Module 4 Assignment: Classification and detection#
Scenario#
You are advising a radiology service deciding whether an imaging AI should advance from retrospective review to supervised pilot use. The stakeholders are: radiologist, imaging technician, compliance officer, and patient safety lead.
Task#
Answer the module question: How do imaging models identify findings?
Use the module lab and course readings to produce: imaging model evidence packet with preprocessing notes, validation limits, and clinical handoff risks focused on classification and detection: Train or simulate an image classification baseline..
Required Evidence#
Define the decision or system boundary in one paragraph.
Identify the dataset, proxy data, or evidence source you used: synthetic 8x8 grayscale image arrays with a small bright lesion pattern and non-lesion variation.
Compare at least two alternatives, baselines, policies, or designs.
Report one quantitative result or structured scoring table.
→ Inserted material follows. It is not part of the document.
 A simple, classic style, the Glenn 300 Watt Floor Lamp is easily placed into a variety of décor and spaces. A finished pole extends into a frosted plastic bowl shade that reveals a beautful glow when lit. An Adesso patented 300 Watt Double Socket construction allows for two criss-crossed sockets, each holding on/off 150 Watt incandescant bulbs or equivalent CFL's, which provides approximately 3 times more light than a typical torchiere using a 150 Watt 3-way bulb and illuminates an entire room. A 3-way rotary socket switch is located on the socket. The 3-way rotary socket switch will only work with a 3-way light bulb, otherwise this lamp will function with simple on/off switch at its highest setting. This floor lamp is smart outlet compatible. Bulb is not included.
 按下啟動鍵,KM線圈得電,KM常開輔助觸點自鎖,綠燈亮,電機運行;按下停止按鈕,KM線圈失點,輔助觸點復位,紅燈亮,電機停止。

Explain two failure modes and one mitigation for each.
State what additional evidence would be required before real deployment.
Submission#
Submit the completed notebook plus a 900-1200 word memo. The memo must include clear headings for context, method, evidence, risks, recommendation, and open questions.
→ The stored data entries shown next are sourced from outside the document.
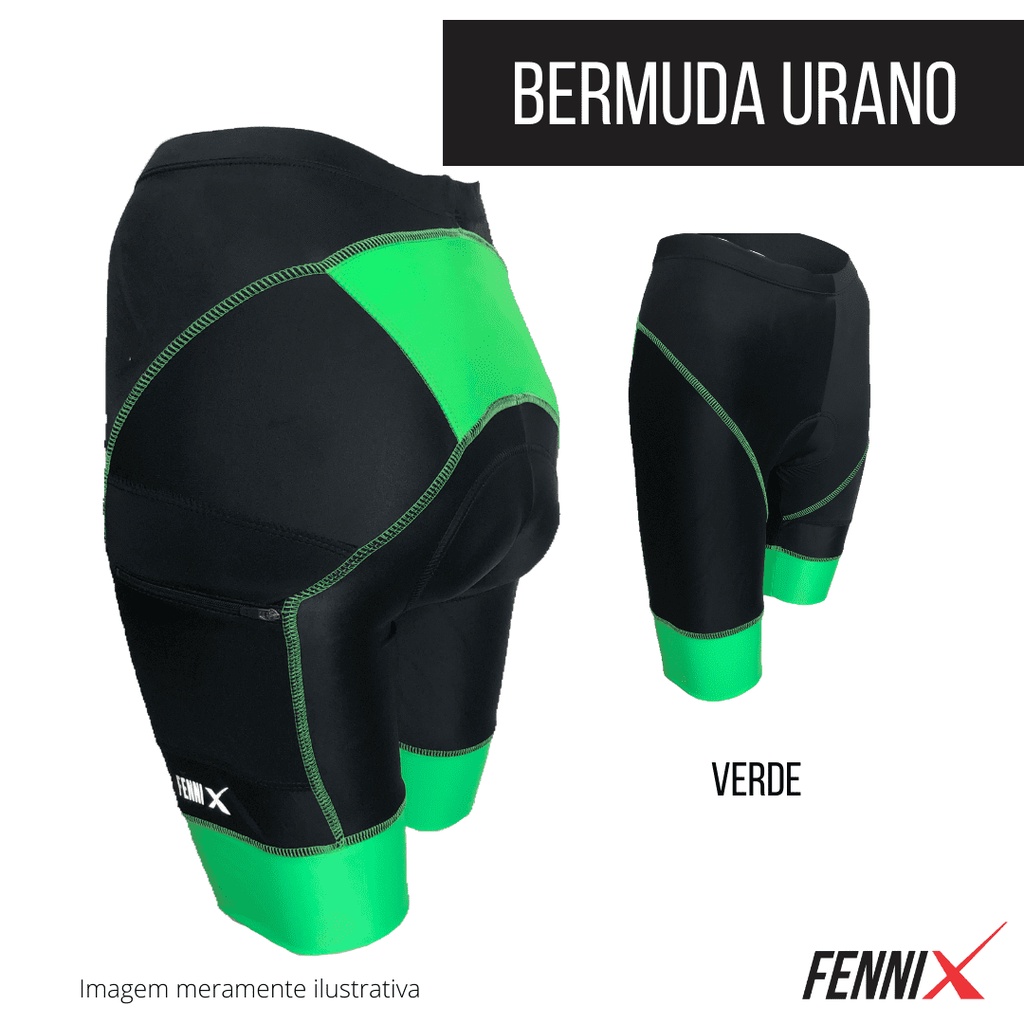 Bermuda Ciclismo Masculina URANO Tecido lycra power confeccionada com 85% Poliamida e 15% Elastano, o que garante flexibilidade e elasticidade para prática de ciclismo. Forro de espuma com densidade 100/80/60 garantindo maior conforto durante as pedaladas. Proteção UVB e UVA +50 Possui tratamento antimicrobiano: tecnologia que inibe a propagação de fungos e microrganismos, provenientes do suor excessivo, evitando o mau cheiro. Bolso com zíper Costura reforçada Tamanho do PP ao XG.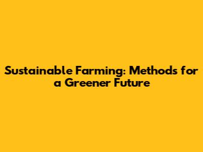 Sustainable Farming: Methods For A Greener Future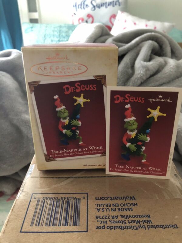 Title (ebay affiliate link): Hallmark Keepsake TREE NAPPER AT WORK Dr. Seuss Grinch Ornament - Box

# Assignment workspace for Module 4: Classification and detection
module = 4
decision = "How do imaging models identify findings?"
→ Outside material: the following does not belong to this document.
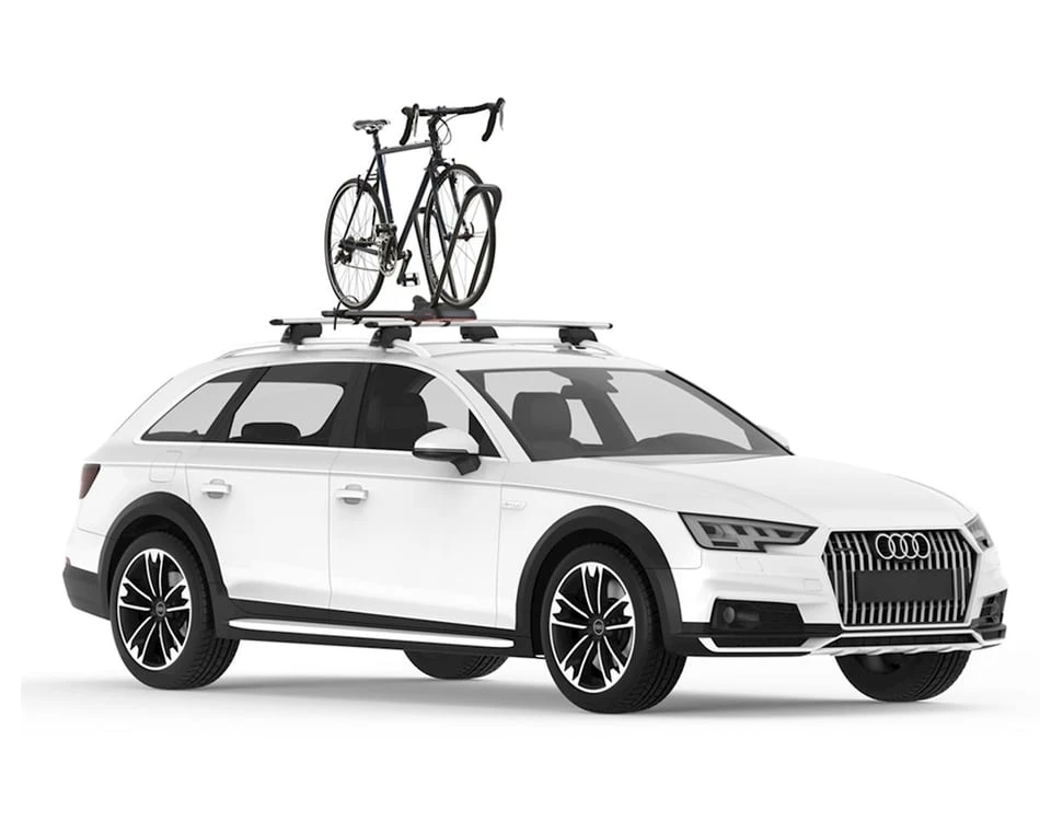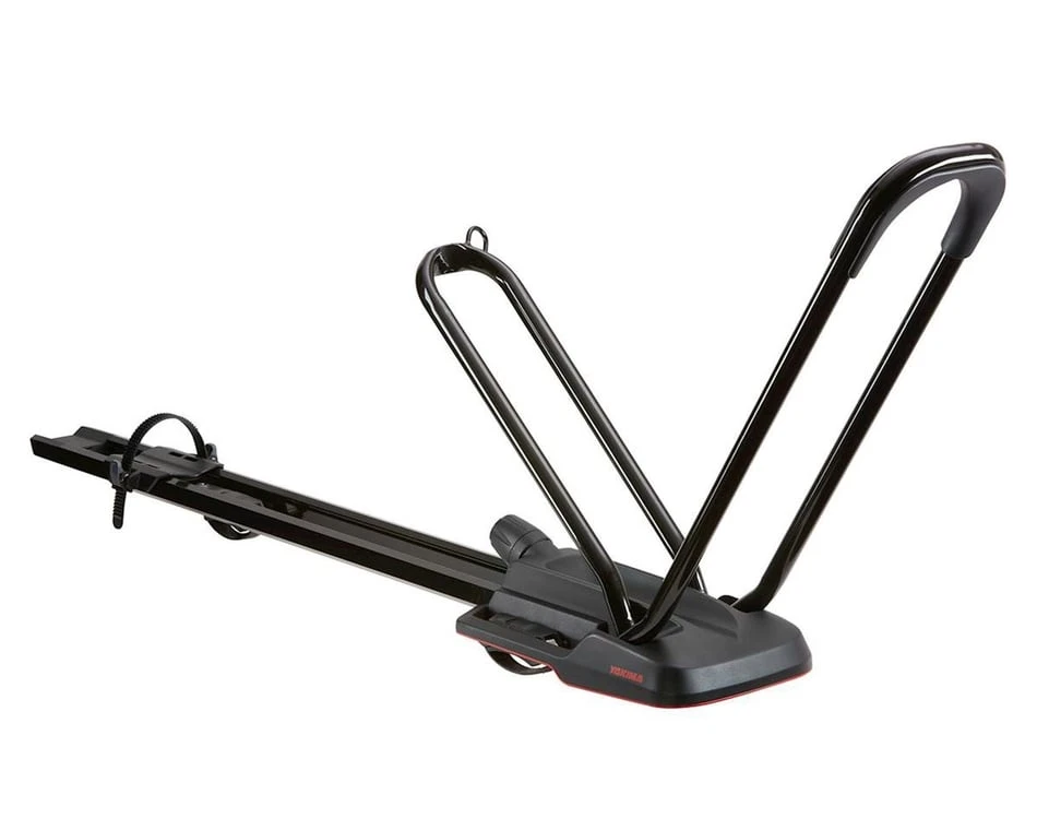 Secure, sleek, and simple to use, the HighRoad is Yakima’s newest premium upright bike mount. The adjustment-free hoop, with its TorqueRight™ tightening knob, loads a variety of bikes quickly and easily. The HighRoad secures the bike by the wheels for ultimate bike protection and the low-profile design minimizes hatch interference. Universal mounting hardware fits most roof racks.

artifact = "imaging model evidence packet with preprocessing notes, validation limits, and clinical handoff risks focused on classification and detection: Train or simulate an image classification baseline."
alternatives = [
{"option": "baseline_or_manual_process", "strength": "", "risk": "", "evidence": ""},
{"option": "ai_assisted_or_advanced_option", "strength": "", "risk": "", "evidence": ""},
]
recommendation = {
"decision": decision,
"recommended_option": "",
"minimum_evidence_before_pilot": [],
"monitoring_metric": "",
"rollback_trigger": "",
}
{"module": module, "artifact": artifact, "alternatives": alternatives, "recommendation": recommendation}
{'module': 4,
'artifact': 'imaging model evidence packet with preprocessing notes, validation limits, and clinical handoff risks focused on classification and detection: Train or simulate an image classification baseline.',
'alternatives': [{'option': 'baseline_or_manual_process',
'strength': '',
'risk': '',
'evidence': ''},
{'option': 'ai_assisted_or_advanced_option',
'strength': '',
'risk': '',
'evidence': ''}],
'recommendation': {'decision': 'How do imaging models identify findings?',
'recommended_option': '',
'minimum_evidence_before_pilot': [],
'monitoring_metric': '',
'rollback_trigger': ''}}
Acceptance Criteria#
Your submission is complete only if another reviewer can reproduce your reasoning from the evidence you provide. You do not need production-grade data, but you must be explicit about proxy-data limits and what would change with real institutional data.